There's a rue of three when it comes to using an ellipsis. It's also required, for some reason established by the MLA, to put a space before each dot, so it should be "roads . . ." That also applies to:
And we both walked on....
but the heavy flux ofautomated vehicles and pedestrians
I think that the sentence isn't parallel because the first item consists of an adjective and a noun while the second item consists of just a noun (unless the pedestrians are automated which I think is possible since the setting is 2062) , so I think it should, maybe, look something like this "automated vehicles and busy pedestrians . . ." That also goes for:
brought afeeling of nostalgia and reminded me of some very pleasant memories
You could try "The building brought a feeling of nostalgia and reminiscence." Just a suggestion.
that are transitory and go by without making a difference to us
You could also try "There are some things in life that are transitory and ephemeral . . ."
Just like stumbling, falling and injuries
Here, I'm not sure if this makes it parallel, but you could try "stumbling, falling and injuring myself . . ."
It is irrelevant for what purpose the building is used now.
I think you should rephrase this sentence 'cause it sounds a little awkward to me. (It could just be me though.

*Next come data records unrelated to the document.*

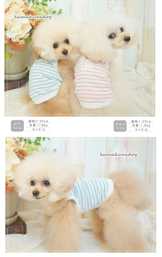 洋服のデザイン、また愛犬の個体差や毛量によって若干サイズが異なる場合がございますので、事前にワンちゃんのサイズを測った上でご検討下さい。
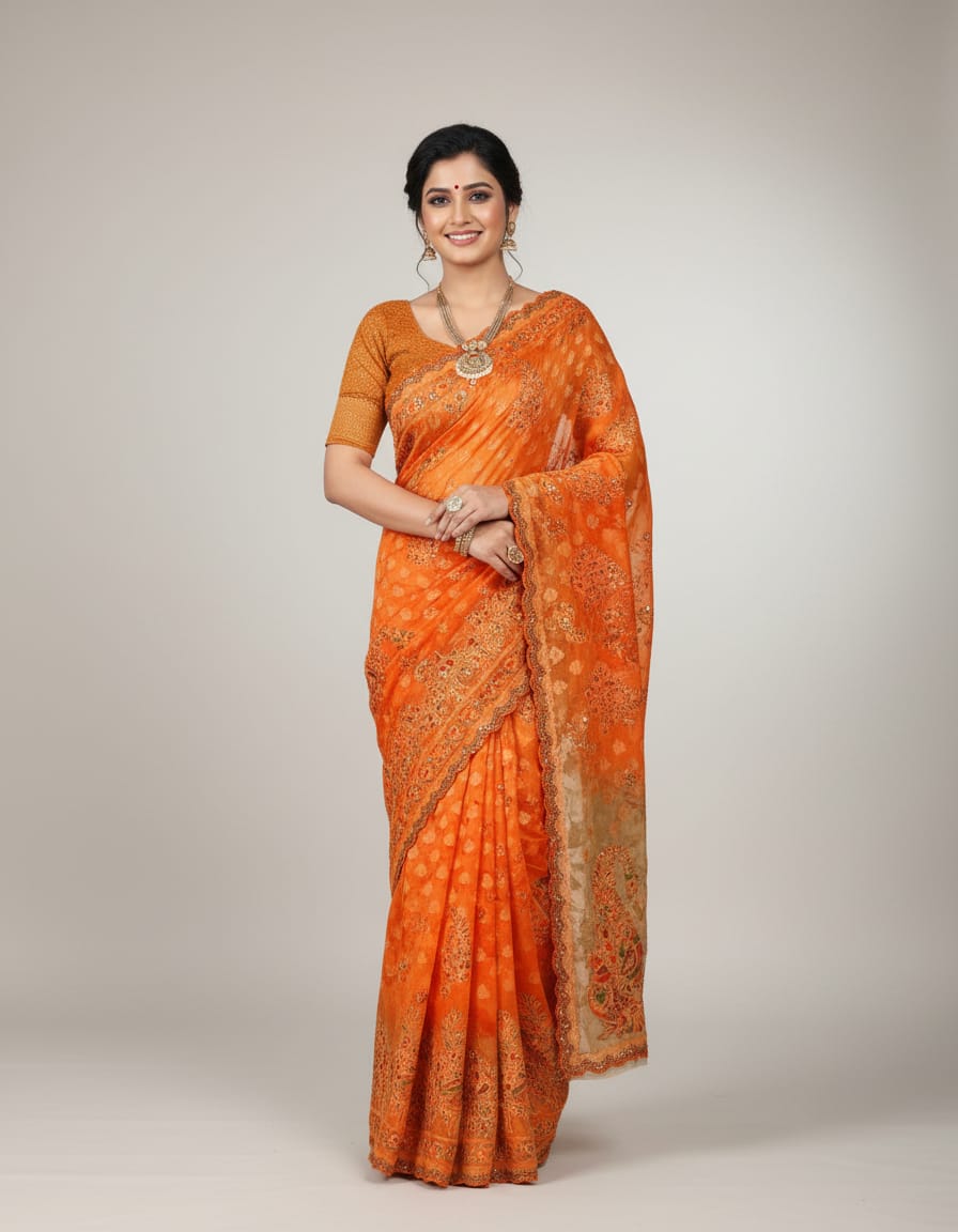 Be the first to review “Pure braso work saree with fancy contrast heavy border”
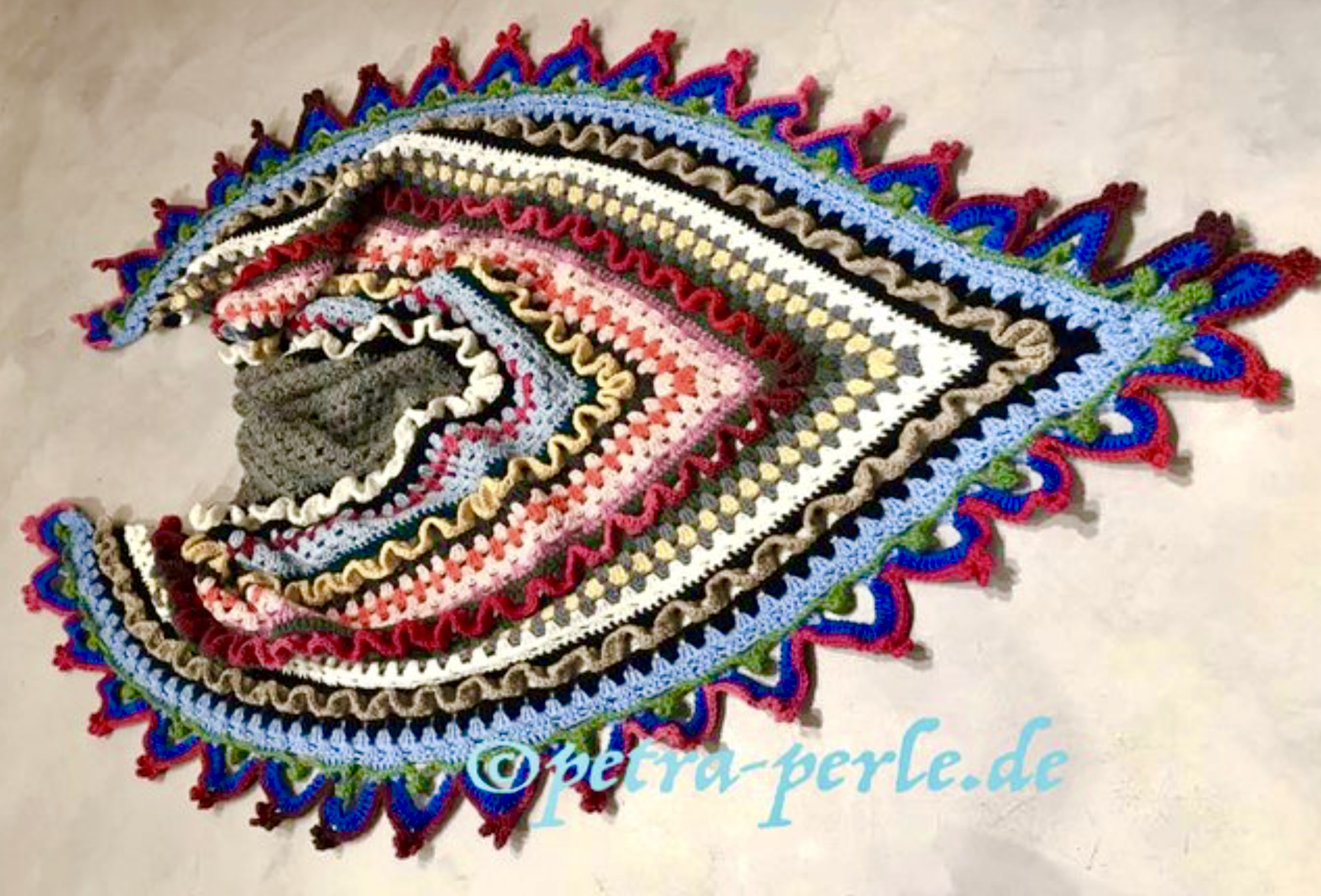 Gehäkelt mit der Doppelmasche und mit festen Maschen.
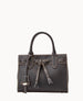 One inside pocket. Cell phone pocket. Handle drop length 4.5". Adjustable and detachable strap. Lined. Feet. Snap closure.
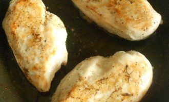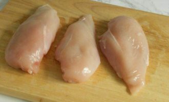 Куриное филе помыть, обсушить бумажными полотенцами, приправить солью и перцем.
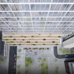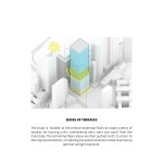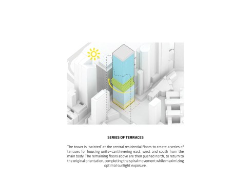 The tower’s public spaces are positioned on the first few floors, where the structure of the levels shifts back and forth to create terraces and canopies for social use. The middle section of the tower houses residential units and is designed with floor plates that slide out in a spiraling manner, creating terraces and urban views for the inhabitants. The uppermost section of the building confines office spaces to a traditional, rectangular-shaped stacked tower, aligning with the original structure at the base of the building.
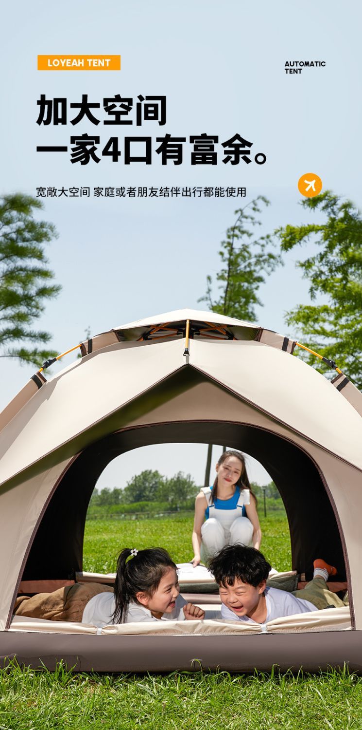 3~4인 가족을 위한 야외 캠핑 및 밤새도록 자는 완전 자동 텐트 두꺼운 방수 단일 및 이중층 야외 캠핑 세트 공장스토어 가기
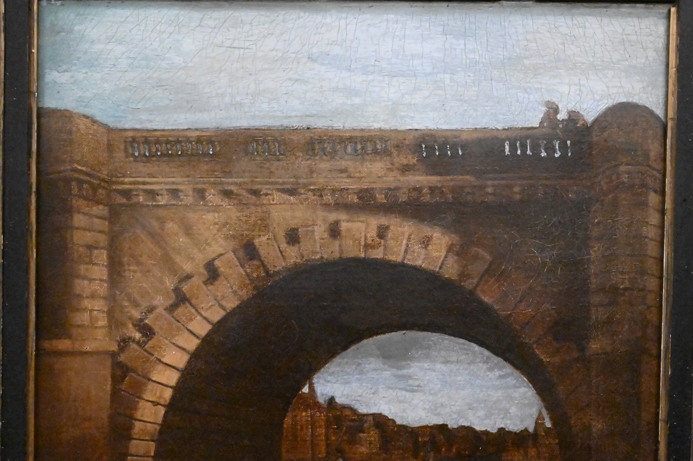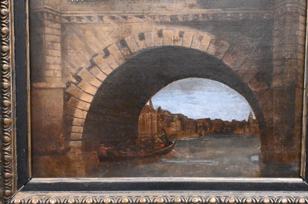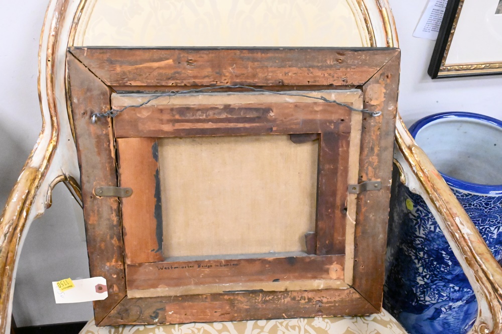 British School, 18th century, Westminster Bridge, London, oil on canvas, 11″ x 12 1/4″, inscribed in brown ink on stretcher, Westminster Bridge. Provenance: Purchased The Perfect Touch, Chicago, February 26, 1977, no receipt available. Estate of Wallace Bradway, New Haven, CT.
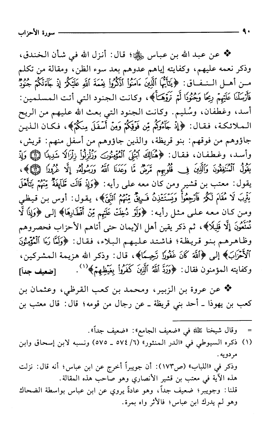 * عن عبد الله بن عباس -رضي الله عنهما-؛ قال: أنزل الله في شأن الخندق، وذكر نعمه عليهم، وكفايته إياهم عدوهم بعد سوء الظن، ومقالة من تكلم من أهل النفاق: {يَاأَيُّهَا الَّذِينَ آمَنُوا اذْكُرُوا نِعْمَةَ اللَّهِ عَلَيْكُمْ إِذْ جَاءَتْكُمْ جُنُودٌ فَأَرْسَلْنَا عَلَيْهِمْ رِيحًا وَجُنُودًا لَمْ تَرَوْهَا}، وكانت الجنود التي أتت المسلمين: أسد، وغطفان، وسُليم. وكانت الجنود التي بعث الله عليهم من الريح الملائكة، فقال: {إِذْ جَاءُوكُمْ مِنْ فَوْقِكُمْ وَمِنْ أَسْفَلَ مِنْكُمْ}، فكان الذين جاؤوهم من فوقهم: بنو قريظة، والذين جاؤوهم من أسفل منهم: قريش، وأسد، وغطفان، فقال: {هُنَالِكَ ابْتُلِيَ الْمُؤْمِنُونَ وَزُلْزِلُوا زِلْزَالًا شَدِيدًا (11) وَإِذْ يَقُولُ الْمُنَافِقُونَ وَالَّذِينَ فِي قُلُوبِهِمْ مَرَضٌ مَا وَعَدَنَا اللَّهُ وَرَسُولُهُ إِلَّا غُرُورًا (12)}، يقول: معتب بن قشير ومن كان معه على رأيه: {وَإِذْ قَالَتْ طَائِفَةٌ مِنْهُمْ يَاأَهْلَ يَثْرِبَ لَا مُقَامَ لَكُمْ فَارْجِعُوا وَيَسْتَأْذِنُ فَرِيقٌ مِنْهُمُ النَّبِيَّ}، يقول: أوس بن قيظي ومن كان معه على مثل رأيه: {وَلَوْ دُخِلَتْ عَلَيْهِمْ مِنْ أَقْطَارِهَا} إلى {وَإِذًا لَا تُمَتَّعُونَ إِلَّا قَلِيلًا}، ثم ذكر يقين أهل الإيمان حتى أتاهم الأحزاب فحصروهم وظاهرهم بنو قريظة؛ فاشتد عليهم البلاء، فقال: {وَلَمَّا رَأَى الْمُؤْمِنُونَ الْأَحْزَابَ} إلى {اللَّهَ كَانَ غَفُورًا رَحِيمًا}، قال: وذكر الله هزيمة المشركين، وكفايته المؤمنون فقال: {وَرَدَّ اللَّهُ الَّذِينَ كَفَرُوا بِغَيْظِهِمْ} (¬1). [ضعيف جداً]
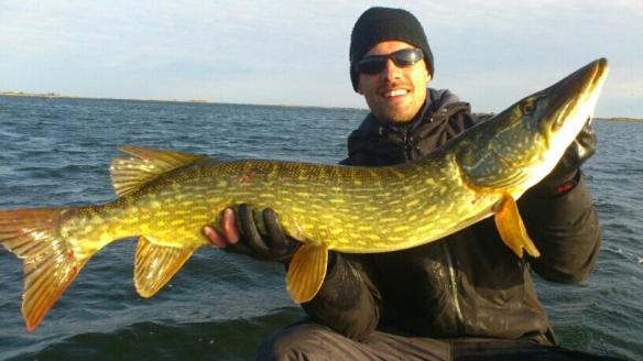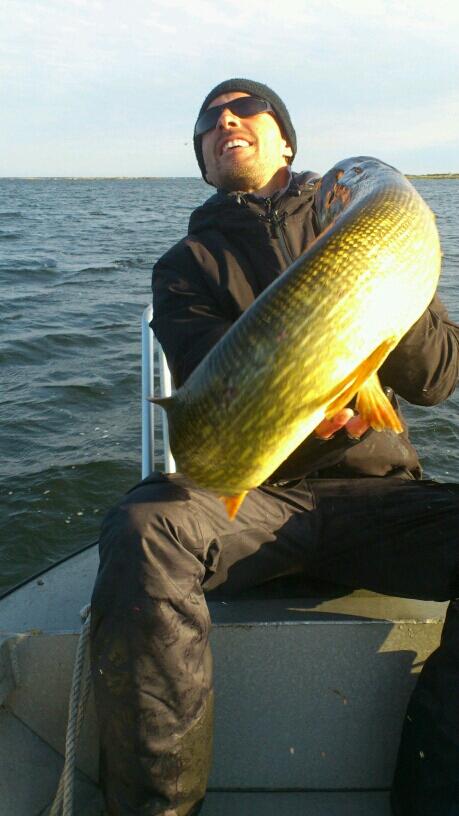 På sex dagar fick mannarna upp 144 gäddor i varierande storlekar. fyra var över 90 cm och ca tio var över 85 cm. Men det är den första dagens fiske som teamet kommer att komma ihåg och kanske prata om under någon vinterkväll när båten ligger på land med snö över sig.

It's best to get a second opinion)
You also forgot to put commas before some of the coordinating conjunctions that connect two independent clauses.
I bought him a pack of M'n'M Mooncandies and we continued to walk.
Emotion is the thing that separates dance from movement and this was where I learnt to communicate in a way that transcends mere words.
Lastly, correct me if I'm wrong here, but I think you're missing the commas that come before the conjunction that connects three or more items (Oxford/serial comma)
Ex.
it taught me to be disciplined, to be persevering, to believe in myself and more importantly to love something passionately.
There should be a comma before "and" here.
Sorry if it seems like I'm nitpicking. I hope these are valid, and I hope these help. :D I really liked the story though. You connected the plot to your life very well.